WORK INSTRUCTION
Under this line is a listing; return exactly the lines starting at the one with "Од Буџетот или" and running down to the one with "Mittlerweile sind 90%", and leave out its pictures.

━━━ SUPPLIED DATA

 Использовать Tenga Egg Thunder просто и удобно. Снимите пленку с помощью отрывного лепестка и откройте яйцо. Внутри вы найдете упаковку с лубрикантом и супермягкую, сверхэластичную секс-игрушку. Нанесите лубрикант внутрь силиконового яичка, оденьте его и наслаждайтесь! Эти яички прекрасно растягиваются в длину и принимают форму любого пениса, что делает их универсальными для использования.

━━━━━━
━━━ SUPPLIED DATA

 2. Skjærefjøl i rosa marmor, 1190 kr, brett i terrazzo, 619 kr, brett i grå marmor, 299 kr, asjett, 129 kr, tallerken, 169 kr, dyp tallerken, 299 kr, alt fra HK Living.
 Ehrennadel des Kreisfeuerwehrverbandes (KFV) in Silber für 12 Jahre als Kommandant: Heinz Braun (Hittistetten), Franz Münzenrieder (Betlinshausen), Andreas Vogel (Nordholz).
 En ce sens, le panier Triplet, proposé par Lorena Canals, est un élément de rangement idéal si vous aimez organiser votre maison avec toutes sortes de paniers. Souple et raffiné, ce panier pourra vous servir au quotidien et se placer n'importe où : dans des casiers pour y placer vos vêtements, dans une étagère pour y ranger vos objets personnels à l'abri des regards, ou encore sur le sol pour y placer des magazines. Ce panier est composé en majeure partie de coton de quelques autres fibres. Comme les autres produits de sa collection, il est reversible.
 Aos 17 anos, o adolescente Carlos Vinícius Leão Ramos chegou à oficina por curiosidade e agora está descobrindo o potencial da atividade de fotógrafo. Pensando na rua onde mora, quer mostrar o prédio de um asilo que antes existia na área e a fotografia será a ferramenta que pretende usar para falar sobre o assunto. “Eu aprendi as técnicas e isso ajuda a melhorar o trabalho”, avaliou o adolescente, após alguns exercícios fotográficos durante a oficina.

━━━━━━
━━━ SUPPLIED DATA

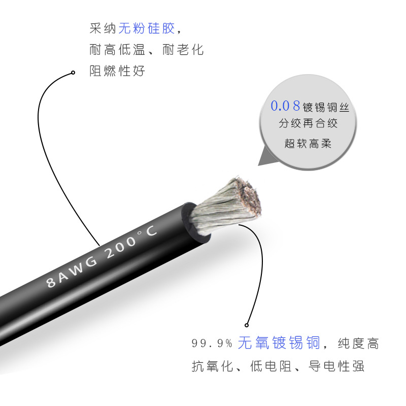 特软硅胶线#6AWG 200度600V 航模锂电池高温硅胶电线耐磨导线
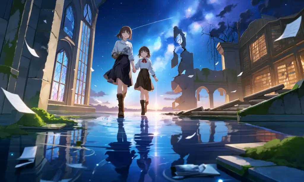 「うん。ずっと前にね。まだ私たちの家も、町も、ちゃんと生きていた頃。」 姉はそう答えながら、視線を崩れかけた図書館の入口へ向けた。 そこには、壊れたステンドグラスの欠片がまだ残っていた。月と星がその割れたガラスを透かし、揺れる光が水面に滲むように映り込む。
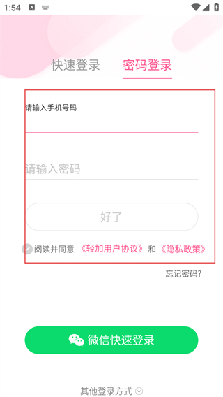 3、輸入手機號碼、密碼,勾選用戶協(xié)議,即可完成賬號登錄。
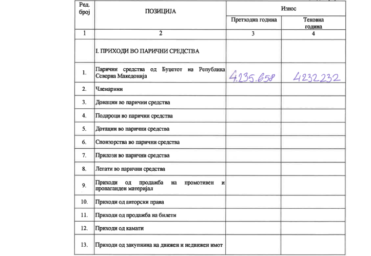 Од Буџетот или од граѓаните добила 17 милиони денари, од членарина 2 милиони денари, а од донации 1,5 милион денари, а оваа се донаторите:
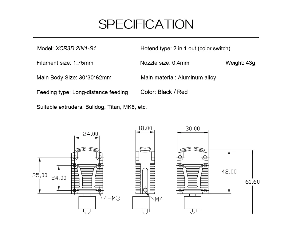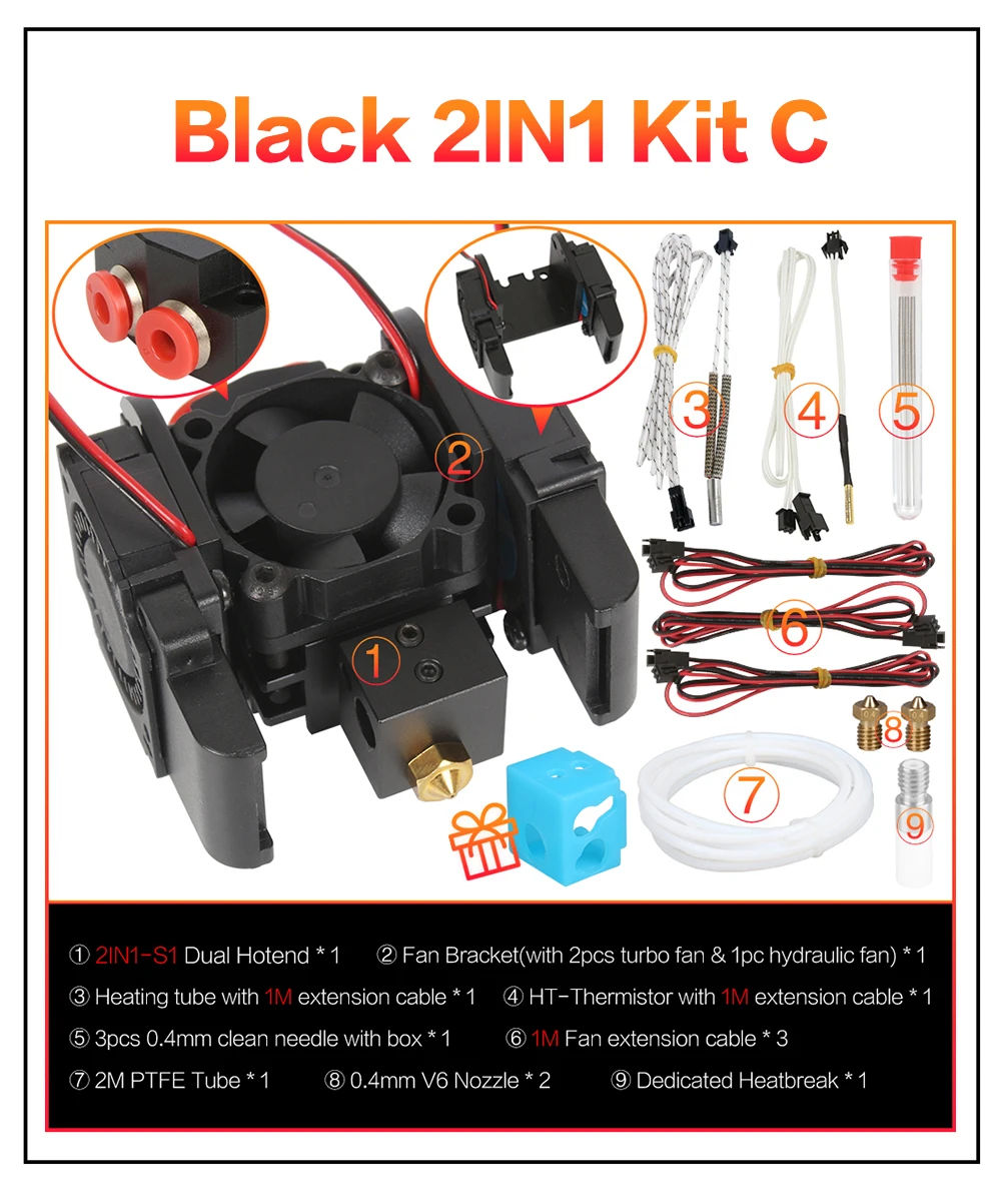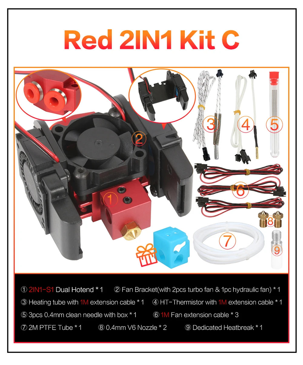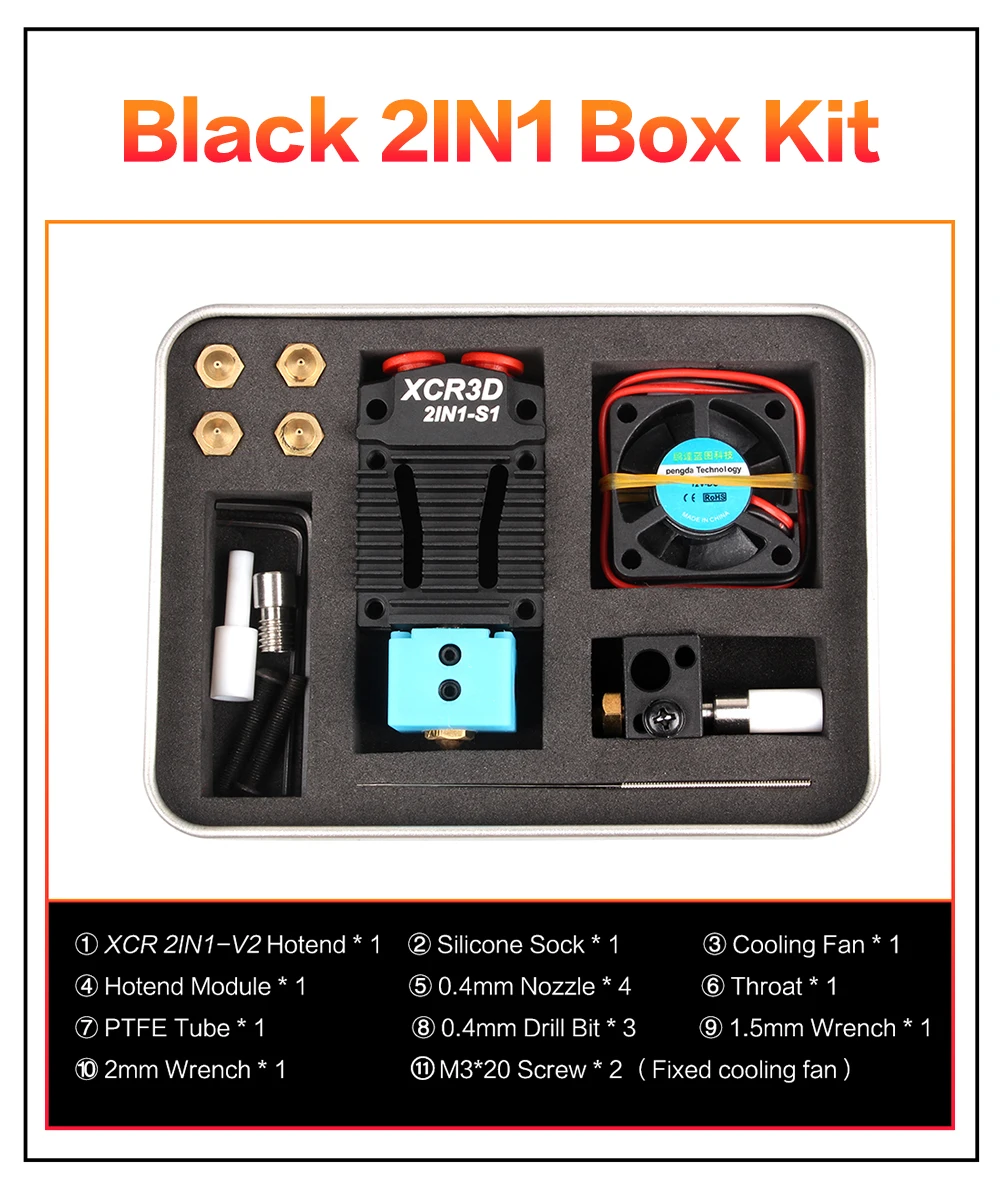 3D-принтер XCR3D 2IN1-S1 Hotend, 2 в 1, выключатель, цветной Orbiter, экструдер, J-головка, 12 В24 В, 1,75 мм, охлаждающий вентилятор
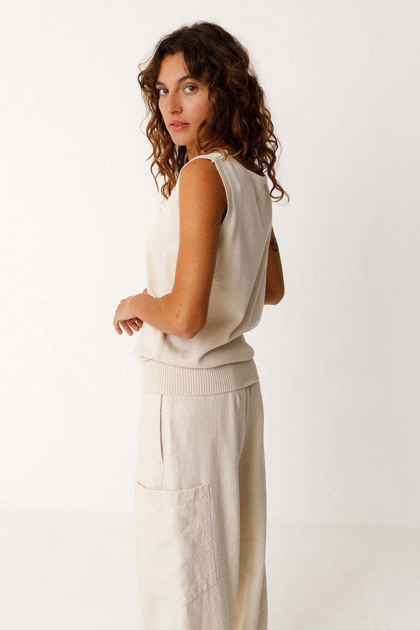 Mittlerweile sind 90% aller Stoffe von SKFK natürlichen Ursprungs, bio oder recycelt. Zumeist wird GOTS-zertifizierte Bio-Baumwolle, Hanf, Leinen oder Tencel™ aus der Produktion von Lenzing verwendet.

━━━━━━

ANSWER SPACE
 Од Буџетот или од граѓаните добила 17 милиони денари, од членарина 2 милиони денари, а од донации 1,5 милион денари, а оваа се донаторите:
 3D-принтер XCR3D 2IN1-S1 Hotend, 2 в 1, выключатель, цветной Orbiter, экструдер, J-головка, 12 В24 В, 1,75 мм, охлаждающий вентилятор
 Mittlerweile sind 90% aller Stoffe von SKFK natürlichen Ursprungs, bio oder recycelt. Zumeist wird GOTS-zertifizierte Bio-Baumwolle, Hanf, Leinen oder Tencel™ aus der Produktion von Lenzing verwendet.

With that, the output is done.